Although one day my Phresheez app said I made it upto 75mph (although I had forgotten to turn it off after skiing and was headed South on I-91 at the time  :lol:  )


----------



## 2knees (Mar 24, 2011)

this thread needs some Highwaystar.


----------



## BenedictGomez (Mar 24, 2011)

Absolutely no idea, but I'd love to know.  

I am, however, positive it would be on the combination of Upper Nosedive to Lower Nosedive at Stowe, on one of many numerous empty midweek days when I would treat that trail as a personal downhill track.


----------



## gmcunni (Mar 24, 2011)

thanks to this thread i remembered pack my gps for skiing the loaf this weekend.


----------



## Nick (Mar 24, 2011)

Another good thing on phones if you've got GPS is MyTracks from Google. I use it on my android. You can turn it on and track your progress over the entire day. 

This has nothing to do with skiing but I was in Venice last summer and we did one of some walking around the city

http://maps.google.com/maps/ms?msa=0&msid=200075040597629629150.000490511791f016e8f46


And the Autobahn where we hit 118.8 mph 
http://maps.google.com/maps/ms?msa=0&msid=200075040597629629150.000490510c57a1763f0a5

Total Distance: 103.53 km (64.3 mi)
Total Time: 3:14:33
Moving Time: 1:59:09
Average Speed: 31.93 km/h (19.8 mi/h)
Average Moving Speed: 52.13 km/h (32.4 mi/h)
Max Speed: 191.31 km/h (118.9 mi/h)
Min Elevation: 462 m (1516 ft)
Max Elevation: 555 m (1822 ft)
Elevation Gain: 495 m (1624 ft)
Max Grade: 8 %
Min Grade: -7 %

I might try it out when skiing next. I'm just nervous of digging it and breaking my brand-new phone!


----------



## mondeo (Mar 24, 2011)

Anyone use Ripxx? There's only a couple tracking apps on WP7, and one of the two reviews for Ripxx is from Ripxxprez. I'm thinking that one may be biased. The other app (skierapp or something like that) didn't seem to work all that well the one time I tried it and I guess does not save its state, meaning data is gone unless I keep it open until I get to a computer.


----------



## AdironRider (Mar 24, 2011)

I consistently max out at 56 pretty much every day I ride, as noted on the skitracks program for my iphone. Its usually in a few select spots, and definitely on groomers. 

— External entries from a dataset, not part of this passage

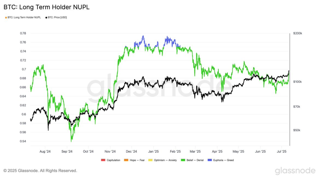 In line with the Lengthy-Time period Holder Web Unrealized Revenue and Loss (NUPL) metric from Glassnode, Bitcoin’s present stage of long-term profitability sentiment is at 0.69. That is notably under the 0.75 mark related to euphoric market circumstances, regardless of Bitcoin having simply printed a brand new all-time excessive.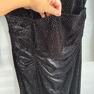 Ribbed velvet fabric with ruched detail at hi seam slit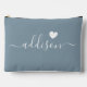 Pochette À Accessoires Bridesmaid Script moderne Dusty Blue Heart
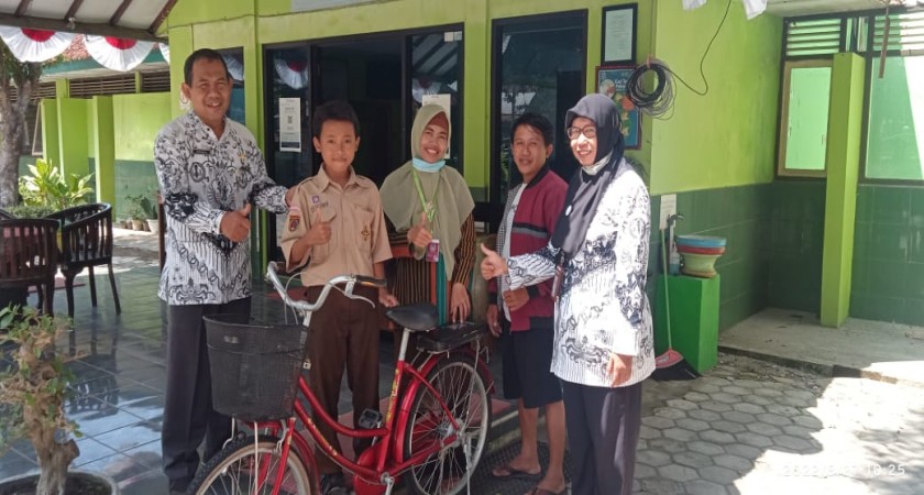 “Sekarang sudah ada sepeda dipakai dan dirawat, sudah tidak ada kendala lagi artinya harus lebih rajin lagi ke sekolah untuk meraih masa depan ya,” demikian pesan Dra. Murilah, S.Pd. kepada siswa yang menerima sepeda.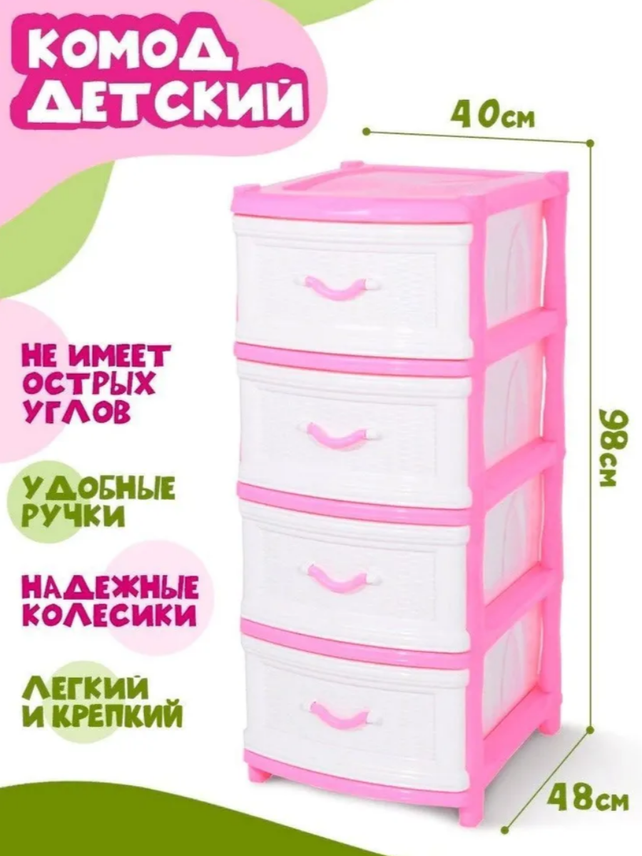 Комод elfplast "Классика" 4-х секционный для вещей и игрушек пластиковый с ящиками, (белый/розовый) 068 интересное:

Average speed round 35 through most stuff that isnt to tight, 40-45 on groomers. All verified by GPS. 

Straight up pointing it Ive hit 64. This gps thing is addictive. That was on first tram, fast hard day. I honestly dont think I could physically go faster on my board, I felt the acceleration just end. Kinda weird feeling actually. 

Out west you can let em rip much easier and safer. I bet I wouldnt come nearly as close on an average day back east.


----------



## deadheadskier (Mar 25, 2011)

gmcunni said:


> thanks to this thread i remembered pack my gps for skiing the loaf this weekend.



wanna race?


----------



## o3jeff (Mar 25, 2011)

deadheadskier said:


> wanna race?


Ski off!


----------



## tt431 (Mar 25, 2011)

156 mph 
Regards,
Simone Origone


----------



## RootDKJ (Mar 25, 2011)

Phresheez clocked me at 59.1 on Paradise  while I was very loaded last weekend at Blue.


----------



## ChileMass (Mar 25, 2011)

A long time ago I was timed at 67 mph in a speed trial.  I think it's still the fastest I ever went on skis.  Certainly the only time I can verify it.  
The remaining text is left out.